_Requirement_
All pictures are to be excluded when the data below is output verbatim.

_Data extract_
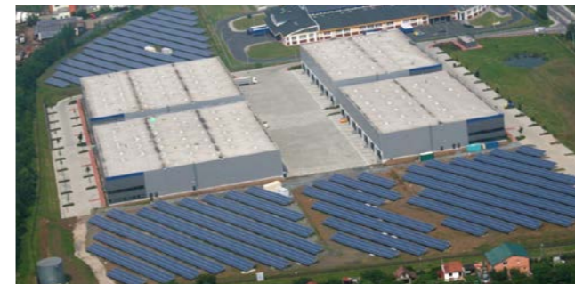
Amesbury, Pilsen Czech Republic

Power: 1,111 kWp Start of operation: 11/2010 Inverters: SolarMax Modules: Yingli
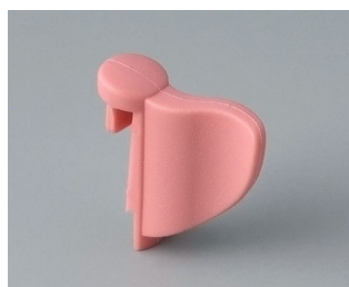
A1104003 Wing PA 6 (UL 94 HB) coral

_Problem solution_
Amesbury, Pilsen Czech Republic

Power: 1,111 kWp Start of operation: 11/2010 Inverters: SolarMax Modules: Yingli
A1104003 Wing PA 6 (UL 94 HB) coral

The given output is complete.